Digitizing Early Caribbean Archives: We Learn TEI

I'm going to be blogging about an initiative here at Northeastern to digitize 19th century Caribbean texts. First: we learn TEI.

Luckily, I wasn't the only TEI workshop particpant with zero experience in coding. We were walked through some of the basics, including the whys and hows behind TEI. My quick-and-dirty summary: TEI is not simply wrapping text in angle brackets: instead, it's about determining what aspects of the text matter and for what reasons. Sure, it's a grammar, but it's also a conversation among text theorists about how one represents important parts of texts, forcing answers to questions like "What do we want to talk about within these texts?" "What do we want to encode?"

After learning as much as we could about the basics in an hour's time, we were handed a sample text: R.R. Madden's "A Twelvemonth's Residence in the West Indies." The text contained a series of letters and we brainstormed which aspects we'd theoretically like to code or, in TEI speech, become part of the schema (did I use that correctly?). The obvious were shouted out: the title given to the letter, the date and place, the recipient, the names and honorifics.

And then the list grew longer: what if we code monetary values? Commodities? People referenced with two names (the subject of the letter was a slave who went by two names)? What about the slave narrative contained within the letter? The places traveled so that they might be mapped? The genders mentioned, so we can start to see patterns of who is doing what kind of work in the 19th century Caribbean?  What about the unfamiliar spelling of the word sheriff? What do we do with that? Determining which set of schema to apply to our larger project will, I anticipate, be challenging and will absolutely need to be collaborative.

For my own interests, for instance, I'd love to categorize and encode any mention of sugar or salt within Caribbean archives. I'd like to be able to analyze its usage not only as a commodity but also its reference (plantation work or stirred into tea?). I'd also like to encode each meal, Caribbean "second breakfast," cooks, kitchens, crops, fruits, etc. I'm not sure other scholars would find this type of work as useful but I think encoding the types of eating, cooking, and producing occuring in Caribbean texts could lead to some valuable insights.

TEI seems like such a useful framework and I'm excited for part two--playing around with it and encoding a Caribbean poem, where we (inevitably) come up with dozens and dozens of possible schema.

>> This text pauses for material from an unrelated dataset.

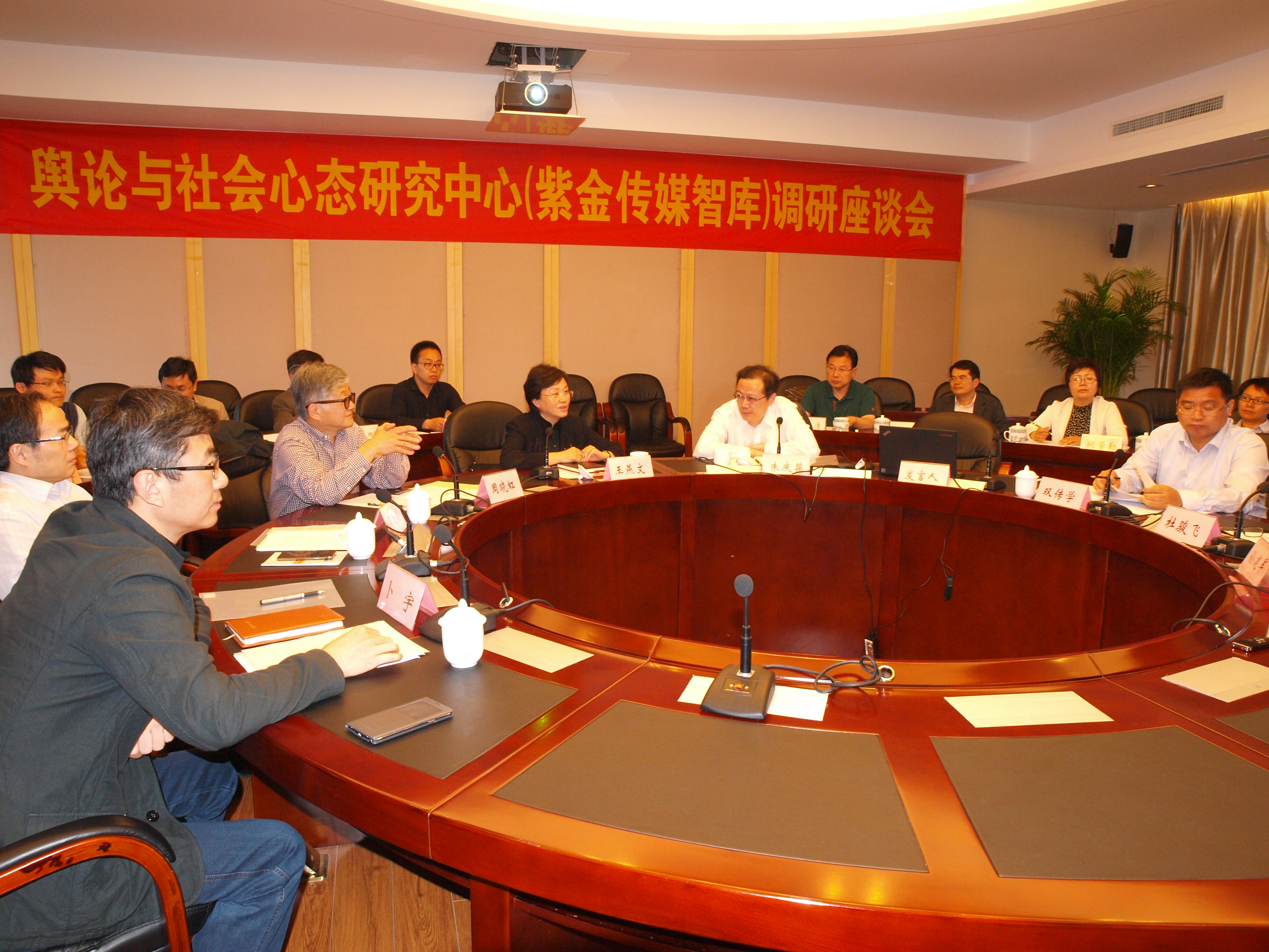 自2015年出中共中央办公厅、国务院办公厅印发了《关于加强中国特色新型智库建设的意见》以来,以智库形式推进角色咨询制度、提升政治治理能力和增强国家软实力正成为从中央到地方的一项重要创新举措。为及时了解民情民声和民众社会心态的变迁、精准高效的向政府建言献策、推动经济、社会和文化发展,江苏省委宣传部拟联合太阳成集团tyc、新闻传播公司及省内各大媒体共同创建“紫金舆论与社会心态研究中心”(简称“紫金传媒智库”)。为了更好的讨论创建“紫金传媒智库”的方案及初步设想,紫金传媒智库前期调研会于2015年5月9日在太阳成集团tyc合美堂举行,江苏省委常委、宣传部部长王燕文,省委宣传部部务委员双传学,江苏省广电集团董事长、太阳成集团tyc新闻传播公司经理卜宇,新华传媒集团董事长周跃敏、太阳成集团tyc副书记朱庆葆教授、太阳成集团tyc经理周晓虹、信息管理公司经理孙建军、新闻传播公司执行经理杜骏飞等近30位专家学者参加会议。

Some TEI info if you're getting started as well:

A very gentle introduction to the TEI markup language

A more technical introduction

Descriptions of markup language

TEI by example (with tutorials!)

Is anyone else a beginning TEI-er? Or an expert with any advice, especially for a group archival project in its beginning stages? And if you use digital archives to analyze texts, what kinds of things do you like to see, in terms of access and usability?


1 comment

I love your post. I'm really glad it was pointed out to me. You should come out hang out with us in THATCampCaribe in Puerto Rico. I know it's around the corner, but if you can make it, I think you're going to find many kin spirits and fascinating conversation. I work on the Caribbean as well and spent a good 3 years slapping TEI on Aimé Césaire's texts (once I figure the small little detail of the copyright, I might be able to show the world). Anyway, keep up the good work. I'm sure our paths will cross at some point.